Alerts with Grafana Loki on Kubernetes

Alerts with Grafana Loki on Kubernetes

Environment information

Configuration

This is the content for the values.yaml for the Grafana Loki chart.

loki:
  auth_enabled: false

  storage:
    type: gcs
    .....
    ...
    ..

  schemaConfig:
    configs:
      - from: 2023-01-01
        store: boltdb-shipper
        object_store: gcs
        schema: v11
        index:
          period: 24h
          prefix: ........
        chunks:
          period: 24h


  # Alerts configuration - THE MOST IMPORTANT PART (1)
  rulerConfig:
    wal:
      # /var/loki is mounted as PVC
      dir: /var/loki/ruler-wal
    storage:
      type: local
      local:
        directory: /rules
    rule_path: /tmp/scratch
    # Internal address of Alertmanager
    alertmanager_url: http://kube-prometheus-stack-alertmanager:9093
    ring:
      kvstore:
        store: inmemory
    enable_api: true
    enable_alertmanager_v2: true
    # Enable sending metrics to Prometheus
    remote_write:
      enabled: true
      client:
        # Internal address of Prometheus
        url: http://kube-prometheus-stack-prometheus:9090/api/v1/write
  # ---

# Service Account used for Workload Identity to get access
# to the bucket used as storage.
serviceAccount:
  create: true
  name: loki-sa
  annotations:
    iam.gke.io/gcp-service-account: ....

# THE MOST IMPORTANT PART (2)
backend:
  # Alerts configuration
  extraVolumes:
    - name: loki-rules
      configMap:
        name: loki-rules
    - name: loki-rules-scratch
      emptyDir: {}
  extraVolumeMounts:
    - name: loki-rules
      mountPath: /rules/fake
    - name: loki-rules-scratch
      mountPath: /tmp/scratch

With the above configuration, Loki will be able to send alerts to the Alertmanager/Prometheus.

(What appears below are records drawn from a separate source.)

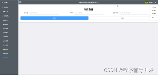 (12)修改密码:负责人点击“修改密码”按钮,可以对登录密码进行更改,首先输入原密码,然后再输入新密码和确认密码,当原密码正确,输入两次新密码一致,则修改成功,否则给出错误提示信息。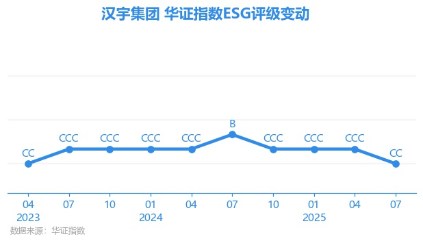 日前,华证指数公布了新一期(2025年7月31日)的ESG评级结果,汉宇集团(300403.SZ)获得CC评级(华证指数评级为C起至AAA九档,C为最低档,AAA为其最高一级评级/AA为其第二档),上一期(2025年4月30日)ESG评级为CCC。本期ESG评级在147家家庭耐用消费品行业A股上市公司中排名第115(上一期排名第115)。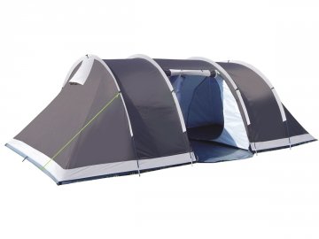 Polytex polyester 180 g/m². Tente tunnel avec séjour et 2 chambres séparées et opposées avec de la ventilation permanente.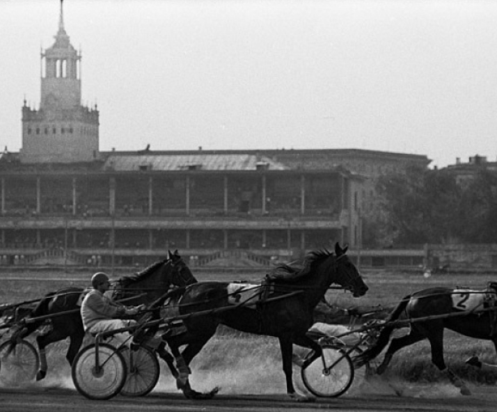1 августа 1834 г. здесь, в южной части Ходынского поля, были проведены первые рысистые бега. Официальное открытие ипподрома состоялось 12 сентября 1834 г. Через три года были сооружены первые трибуны в виде двухэтажных беседок и треугольное в плане скаковое поле. Еще через двадцать лет были устроены овальные дорожки для бегов. Популярность ипподрома заставила его владельца, Московское скаковое общество, построить новые трибуны. В 1896–1899 гг. архитекторы И.Т.Барютин и С.Ф.Кулагин. построили главное здание ипподрома. Украшенное многочисленными башенками, четырехколонным портиком и, самое главное, увенчанное скульптурами коней (скульпторы К.Клодт, С.Волнухин), новое здание весьма полюбилось москвичам.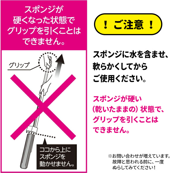 ご使用前にはスポンジに水を含ませ、軟らかくしてからご使用ください。スポンジが硬い(乾いたままの)状態で、グリップを引くことはできません。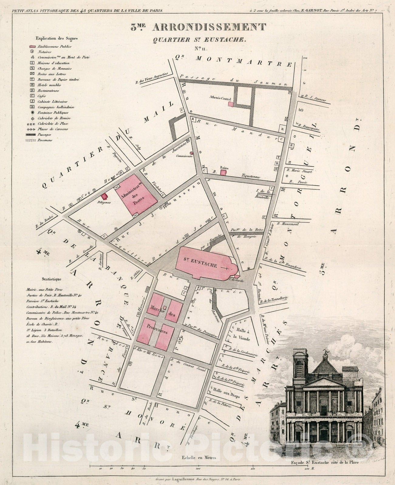 Historic Map : Paris three Me. Arrondissement : Quartier St. Eustache. No. 11, 18three4, Vintage Wall Decor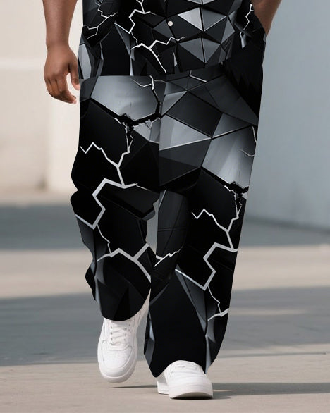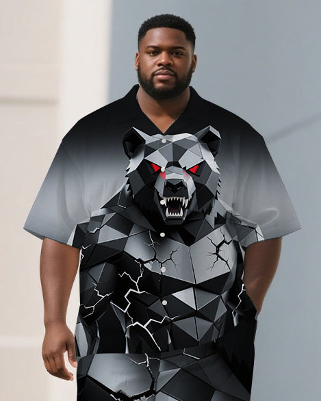 Big Men's Armored Bear Cartoon Gradient Effect Streetwear Short Sleeve Shirt Pants Set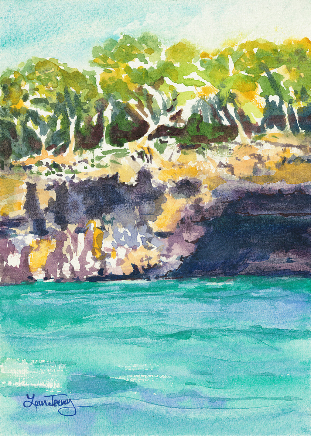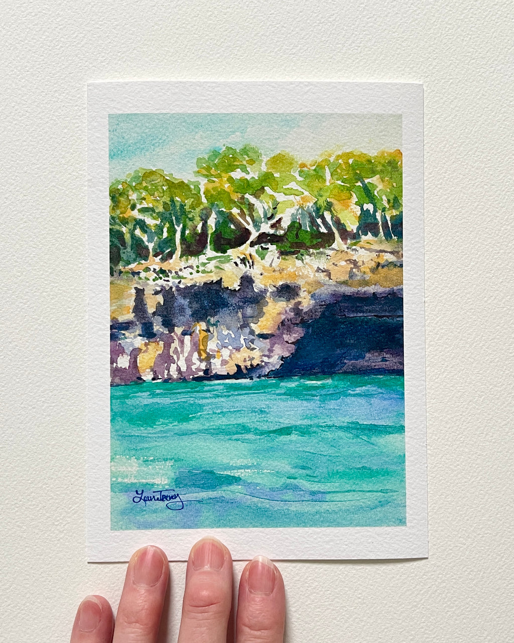 Transport yourself to the sun-drenched shores of Mallorca with this luminous giclée print of my original watercolor painting. This piece captures the breathtaking drama of rugged cliffs tumbling into the turquoise Mediterranean Sea, evoking the wild beauty of Palma de Mallorca's coastal landscapes - think golden light filtering through lush greenery, dramatic rock formations, and that endless, inviting blue water.
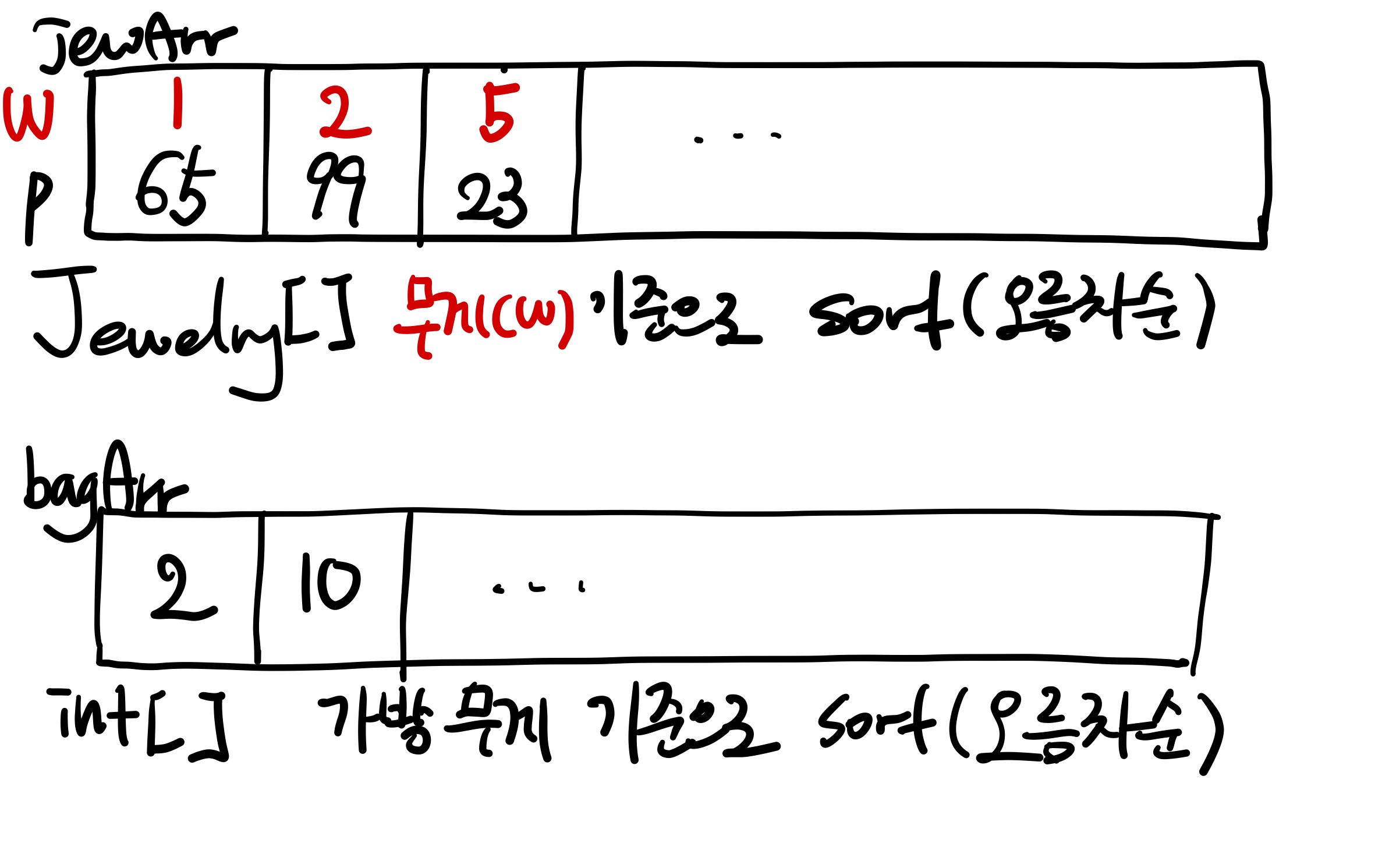 먼저 배열 두 개를 만든다. 하나는 보석이 담긴 배열, 그리고 다른 하나는 가방이 담긴 배열이다. 이 두 배열을 만들고 무게를 기준으로 오름차순 정렬을 진행하면 다음과 같다. 여기서 N개의 원소가 담긴 배열을 정렬하기에 NlogN의 시간 복잡도가 사용된다.

The following ConfigMap configures alerts and recording rules for Loki:

apiVersion: v1
kind: ConfigMap
metadata:
  name: loki-rules
  namespace: <the same namespace as Loki>
data:
  # Recording rule just as an example
  recording-rules.yaml: |-
    groups:
      - name: my_app
        interval: 5m
        rules:
          - record: loki:my_app:logs:count:1h
            expr: |
              count_over_time({app="my-app", container="my-container"} [1h])
  alert-rules.yaml: |-
    groups:
      - name: MyFirstGroup
        rules:
          - alert: ExampleAlert1
            expr: |
              absent_over_time({app="my-app"} [40m])
            for: 10m
            labels:
                severity: error
            annotations:
                summary: My app has stopped streaming logs.
                description: My app did not send any logs since 40m.
          - alert: ExampleAlert2
            expr: |
              sum by(app) (count_over_time({app="my-app"} | json | severity = `ERROR` | __error__="" [5m])) > 2
            for: 1s
            labels:
                severity: warning
            annotations:
                summary: 2 errors in logs has occured for my-app since 5m.
      - name: MySecondGroup
        rules:
          - alert: ExampleAlert3
            expr: ......
            for: ....
            labels:
                severity: warning
            annotations:
                summary: ...
                description: ....

The above alerting rules will appear on the alerts list in the Grafana dashboard.